_Exercise aim_
Going from the line that contains "Das moderne Badezimmer" through the last line of the records, set down each line again exactly, both included, with pictures left out.

------ Records for this exercise

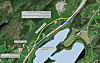 KART OVER OMKJØRINGEN: Kartet viser E6-traseen som er tatt av kvikkleireskredet (i oransje) og omkjøringen (i gult).
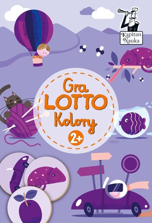 Gdzie ukrył się fioletowy kameleon? Czy to lew z pomarańczową grzywą wygląda z nory? Kto pierwszy położy wszystkie żetony w odpowiednich miejscach na planszy, niech krzyknie: „lotto”! Niezwykle proste zasady gry, która polega na wyszukiwaniu szczegółów i dopasowaniu obrazka na żetonie do odpowiedniego miejsca na planszy. „Lotto” rozwija spostrzegawczość, koncentrację, precyzję i koordynację wzrokowo-ruchową, a także umiejętność rozpoznawania i nazywania kolorów. 6 bajecznie kolorowych plansz oraz 36 okrągłych żetonów to propozycja idealnej zabawy dla najmłodszych dzieci. Cztery warianty rodzinnej rozgrywki zachęcą do gry również starsze dzieci i będą okazją do doskonalenia umiejętności porządkowania i grupowania obiektów na żetonach, a także rozwijania pamięci wzrokowej. Trwałe, wykonane z grubej tektury elementy są idealne już dla dwulatków, a zabawa w przyporządkowywanie kolorowych żetonów do dużych ilustracji na planszach dostarczy dzieciom wiele radości, ćwicząc przy tym motorykę małą i umiejętność rozpoznawania kształtów. Do współpracy z Kapitanem Nauką zostali zaproszeni utalentowani polscy ilustratorzy. To właśnie ich fascynujące grafiki pobudzają dziecięcą wyobraźnię i zapraszają do wspólnego spędzania wolnego czasu. Wyjątkowe ilustracje przygotowane przez Jakuba Haremzę do gry „Lotto Kolory 2+” przedstawiają przygody niezwykle ciekawych i przyjaznych bohaterów, którzy inspirują do nauki kolorów i dostrzegania ich w najbliższym otoczeniu dziecka. Gra „Lotto Kolory 2+” została wyprodukowana w Polsce, z najwyższą starannością i troską o bezpieczeństwo najmłodszych.
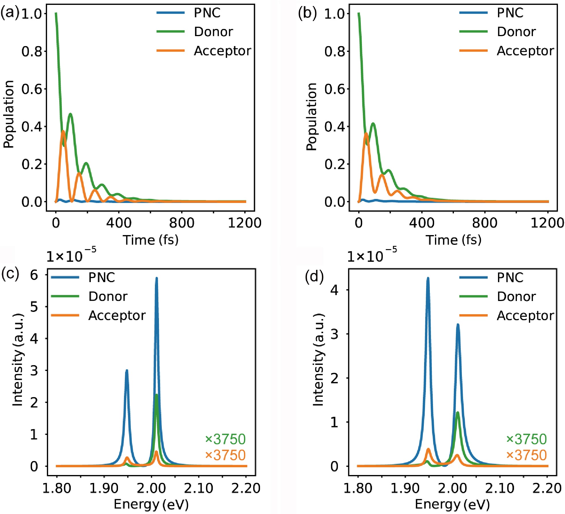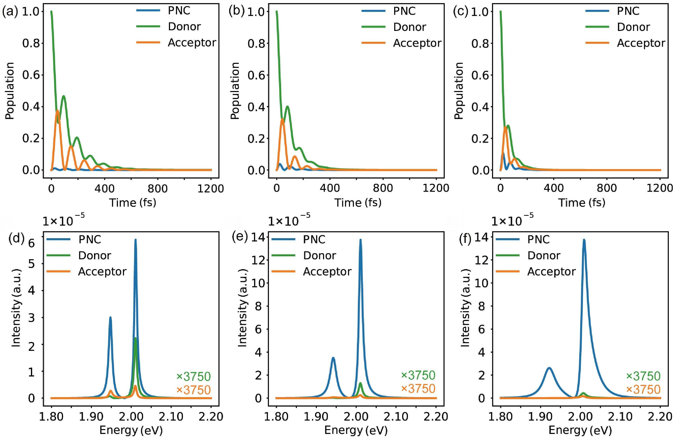 ${\omega }_{\textrm{D}}=2.0$ eV,${\omega }_{\textrm{A}}=1.96$ eV,${\omega }_{\textrm{PNC}}=2.0$ eV,${g}_{\textrm{D-A}}=-0.023$ eV,${\gamma }_{\textrm{D}}^{\textrm{total}}=0.007$ eV,${\gamma }_{\textrm{A}}^{\textrm{total}}=0.007$ eV,${\gamma }_{\textrm{PNC}}^{\textrm{total}}=0.120$ eV,${\gamma }_{\textrm{D}}^{\textrm{deph}}=0.000\ {\rm{eV}}$ ,${\gamma }_{\textrm{A}}^{\textrm{deph}}=0.000\ {\rm{eV}}$ ; for (a, d),${g}_{\textrm{D-PNC}}={g}_{\textrm{A-PNC}}=0.010$ eV, for (b, e),${g}_{\textrm{D-PNC}}={g}_{\textrm{A-PNC}}=0.020$ eV, and for (c, f),${g}_{\textrm{D-PNC}}={g}_{\textrm{A-PNC}}=0.040$ eV. The emission intensities of the donor and acceptor molecules in (d, e, f) are multiplied by 3750 for display. -
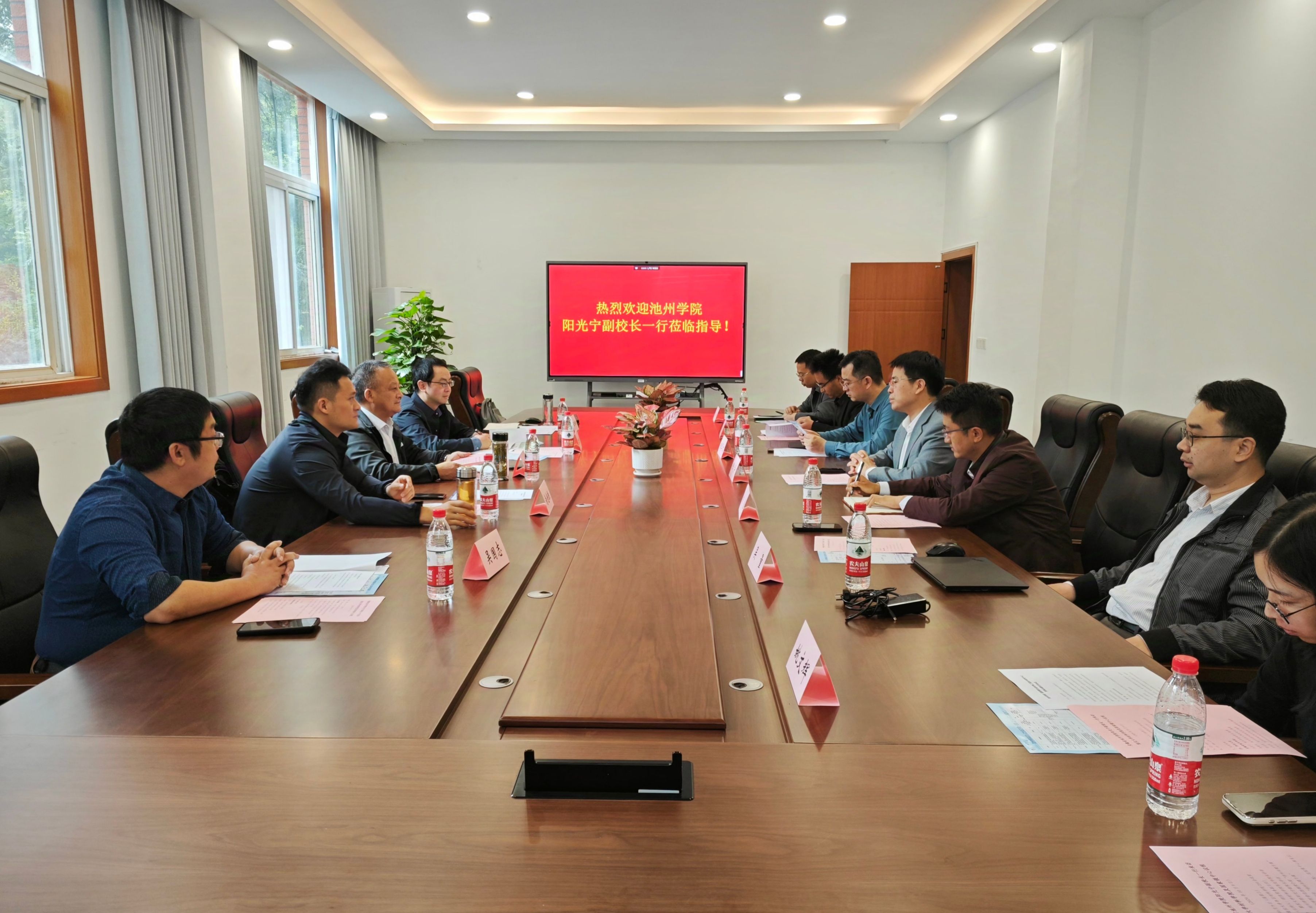 阳光宁对重庆大学材料科学与工程学院的热情接待表示感谢,并介绍了学校历史沿革、建设发展等情况,以及学科建设、人才培养等方面取得的成就。他表示,此次调研主要商讨双方学科共建合作,为后续双方签署学科共建协议做足准备,为学校硕士点的建设提供帮助。希望通过加强与重庆大学材料科学与工程学院交流合作,进一步推进学校学科建设蓬勃发展。
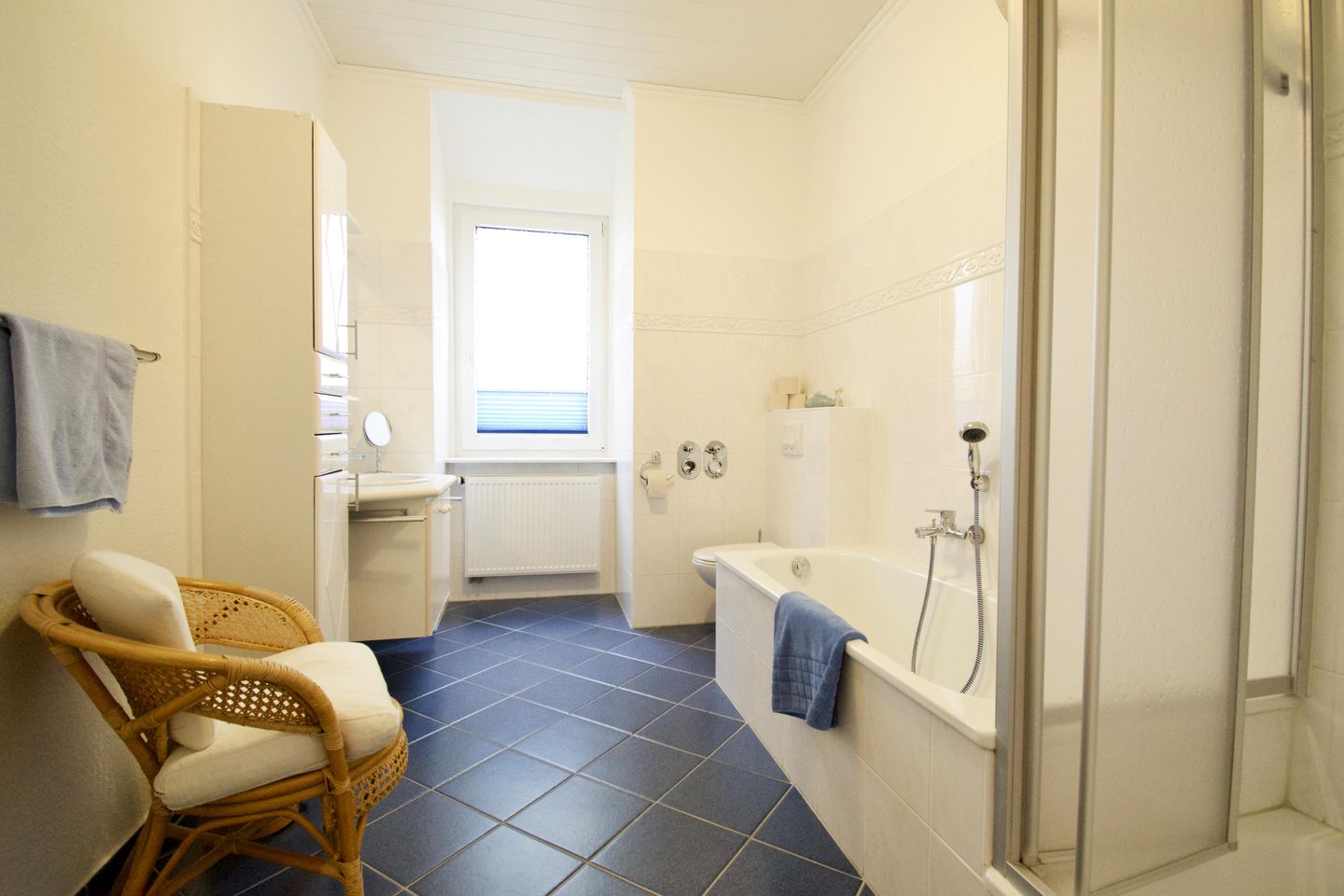 Das moderne Badezimmer ist mit einer Badewanne und einer Dusche ausgestattet, damit Sie sich nach einem Tag am Strand herrlich erfrischen können. Genießen Sie ein entspannendes Bad oder eine erfrischende Dusche und lassen Sie den Alltagsstress hinter sich.
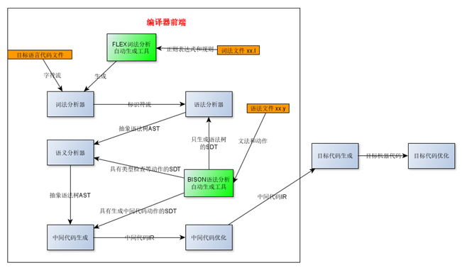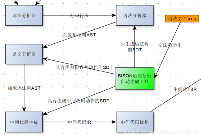 对于语法分析的生成工具Bison来说,只需要给它一个目标语言的上下文无关文法和相应的语法制导翻译方案SDT,它就能生成该目标语言的语法分析部分到IR生成部分的程序。
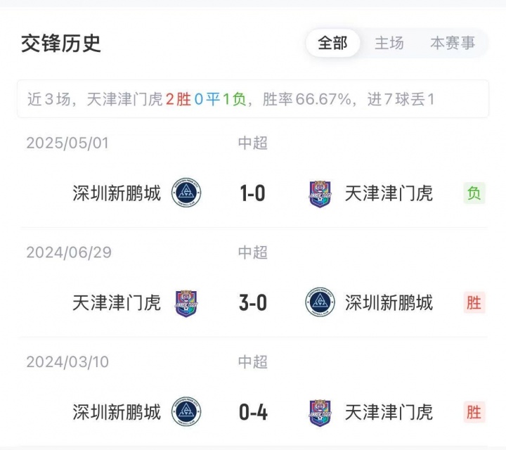 积分榜方面津门虎10胜7平7负,积37分排在联赛第7;深圳则是6胜2平16负,积20分排在倒数第四,高降级区3分。

------------

_Written answer_
 Das moderne Badezimmer ist mit einer Badewanne und einer Dusche ausgestattet, damit Sie sich nach einem Tag am Strand herrlich erfrischen können. Genießen Sie ein entspannendes Bad oder eine erfrischende Dusche und lassen Sie den Alltagsstress hinter sich.
 对于语法分析的生成工具Bison来说,只需要给它一个目标语言的上下文无关文法和相应的语法制导翻译方案SDT,它就能生成该目标语言的语法分析部分到IR生成部分的程序。
 积分榜方面津门虎10胜7平7负,积37分排在联赛第7;深圳则是6胜2平16负,积20分排在倒数第四,高降级区3分。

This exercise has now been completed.